The quiet Summer months are a good time to collate the information required for an annual tax return to avoid a last minute rush in January. Whilst the recent news that the private sector is growing at its fastest rate since 1998 is very welcome, government finances will remain stretched for years to come. As well as the programme of austerity with cuts in welfare spending, the government has given HMRC an additional £1b so it has the teeth to pursue tax evaders more effectively.

We have already seen evidence of this across the West Country with a regional taskforce targeting the recovery of £2.5m tax in a crackdown on the holiday industry. Across the UK, prosecutions for tax evasion have more than doubled over the last year, with a particular focus on middle-class professionals, such as doctors, lawyers and restaurant owners.

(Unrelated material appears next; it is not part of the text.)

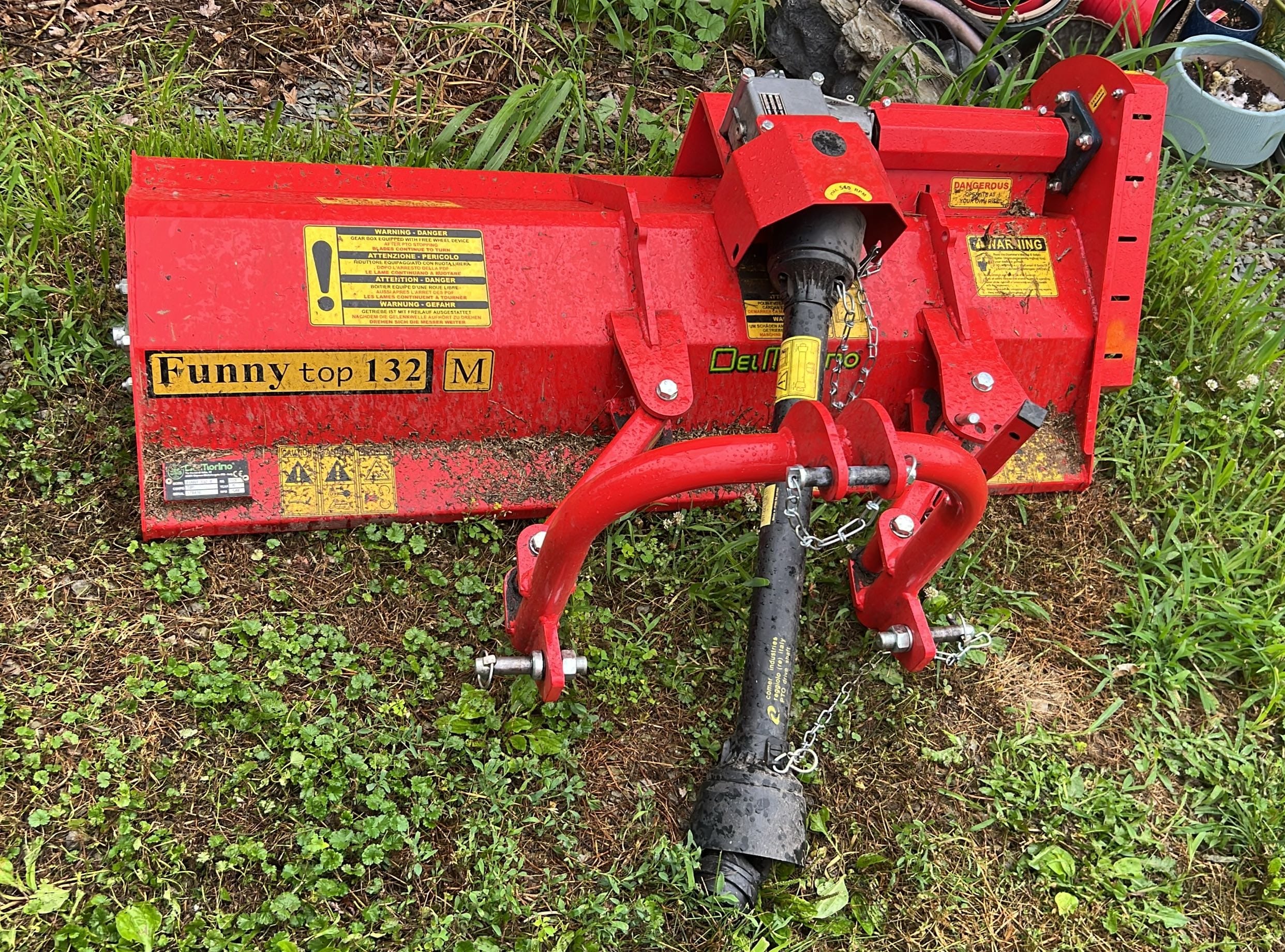 5 Del Morino Funny Top 132 m flail mower, 54” has a bearing out on one bar

It is well known that tax evasion is illegal, but now public opposition to tax avoidance is increasing, as the super-rich and some high profile celebrities, such as Jimmy Carr, have been criticised for not paying their fair share of tax. Indeed, for many people struggling with benefit cuts, unemployment, low pay or poverty in retirement, both tax evasion and tax avoidance are morally unacceptable. As the gap between the rich and poor in our society continues to widen, this disquiet is only likely to grow.

Whilst I advocate ‘rendering unto Caesar’ and so ensuring diligent tax compliance, it is nevertheless important to distinguish between artificial contrived tax schemes and common-sense legitimate financial planning.

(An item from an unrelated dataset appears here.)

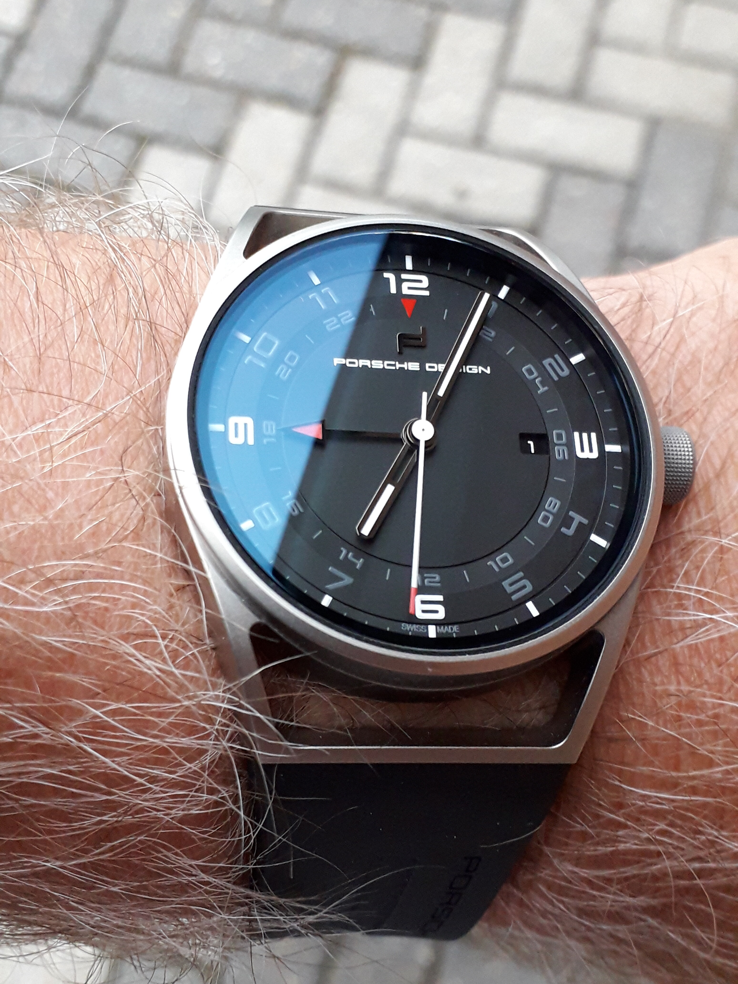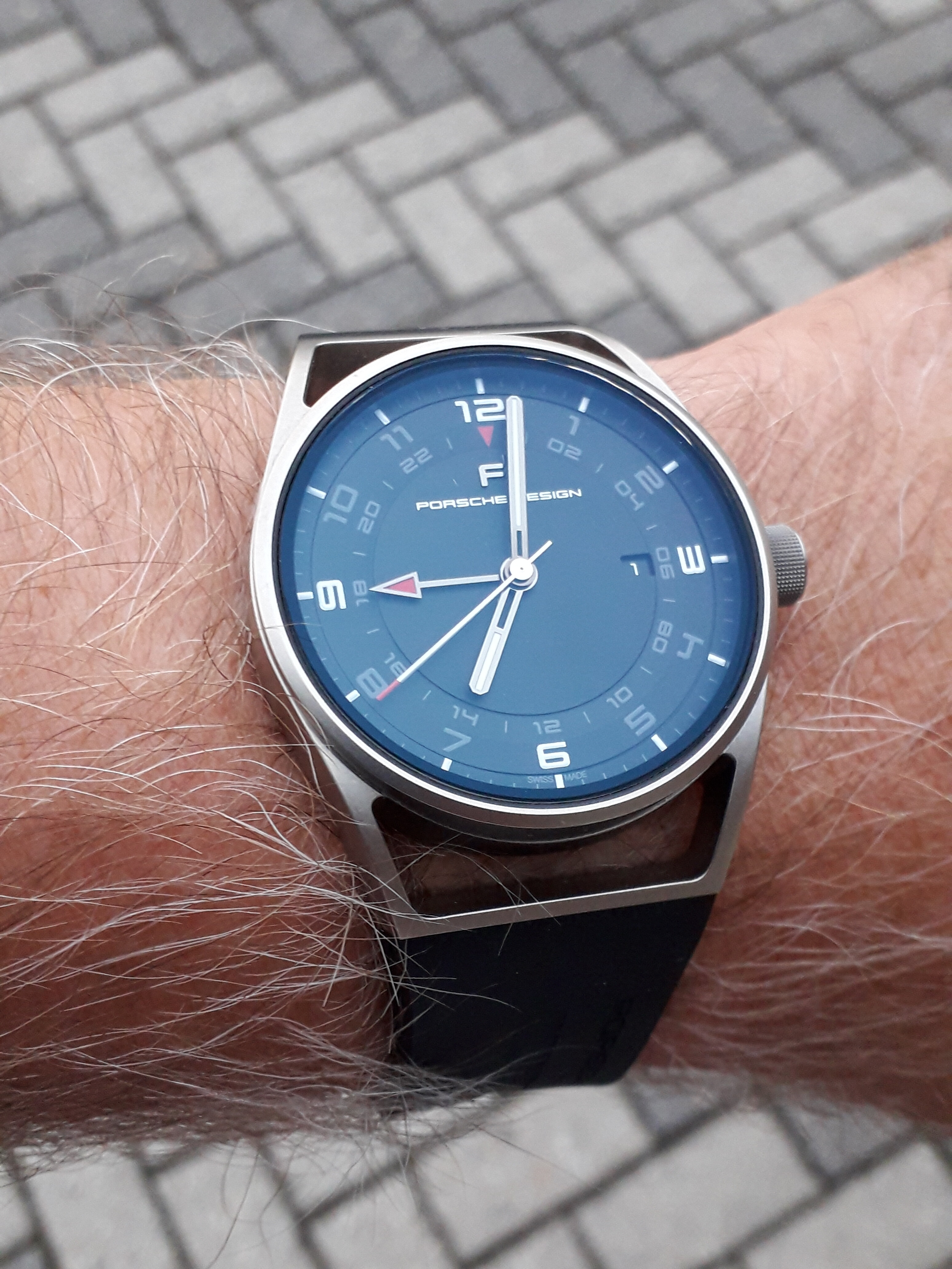 Titanium, 42mm, soepel rubber, saffier en een vouwsluiting.
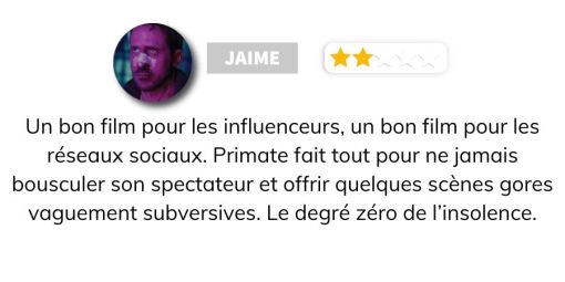 Primate est d’une extrême fainéantise et ne surprend quasiment jamais. Si ce n’est par le sort carrément cruel et brutal réservé à certains personnages. Autrement, le long-métrage décide de casser son rythme et son efficacité en laissant barboter ses protagonistes dans une piscine, annihilant toute tension. À défaut d’un slasher bestial et rafraîchissant, on se retrouve face à un film affreusement balisé, où les directions, actions et réactions des personnages flirtent dangereusement avec le ridicule et le cliché. Mention spéciale au duo de jeunes garçons, complètement lunaires dans leur manière de s’immiscer dans l’intrigue, uniquement pour servir de chair à canon et ralentir encore plus le rythme d’un récit déjà bien malade. Johannes Roberts prend trop son temps et n’arrive jamais à mettre en scène la menace de manière horrifique. Le film ne joue jamais avec son décor, son éclairage, ni même avec les aptitudes ou handicaps des personnages. Les enjeux sont pauvres, pour ne pas dire absents, et on se demande pourquoi le film est ce qu’il est, et pourquoi il n’est pas plus qu’un simple slasher carpenteresque, auquel il multiplie pourtant les références appuyées.

I suggest that clients should restrict tax mitigation to planning opportunities available to all taxpayers grounded in the law. Such an approach allows plenty of scope for most people to make significant tax savings, as well as avoiding the risk and potential consequences of a tax enquiry.

The starting point is to ensure that you make best use of tax allowances, exemptions and minimise higher or additional rates of tax. Typical planning may include the transfer of investments to a spouse who is a non-taxpayer, or pension contributions to gain valuable higher rate tax relief. Furthermore, it may be possible to make tax-free gains each year within the CGT annual exemption and re-basing the cost of investments to avoid a potential future CGT liability.

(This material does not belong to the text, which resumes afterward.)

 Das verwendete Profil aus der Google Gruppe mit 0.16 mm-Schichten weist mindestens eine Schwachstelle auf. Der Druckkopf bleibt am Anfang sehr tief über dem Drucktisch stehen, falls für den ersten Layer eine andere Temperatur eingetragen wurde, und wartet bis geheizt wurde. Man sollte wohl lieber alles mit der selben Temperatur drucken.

As well as pension plans, which remain a very tax-efficient long-term savings vehicle, ISAs are ideal for accumulating tax-free income in retirement. For more risk tolerant and experienced investors, Enterprise Investment Schemes (EIS) and Venture Capital Trusts (VCT) may be appropriate. Both these tax structures are approved by HMRC to facilitate investment in small young companies. Whilst not suitable for everyone, EIS and VCT investments provide capital for small UK businesses, creating jobs and a culture of entrepreneurs, which should lead to greater prosperity for all.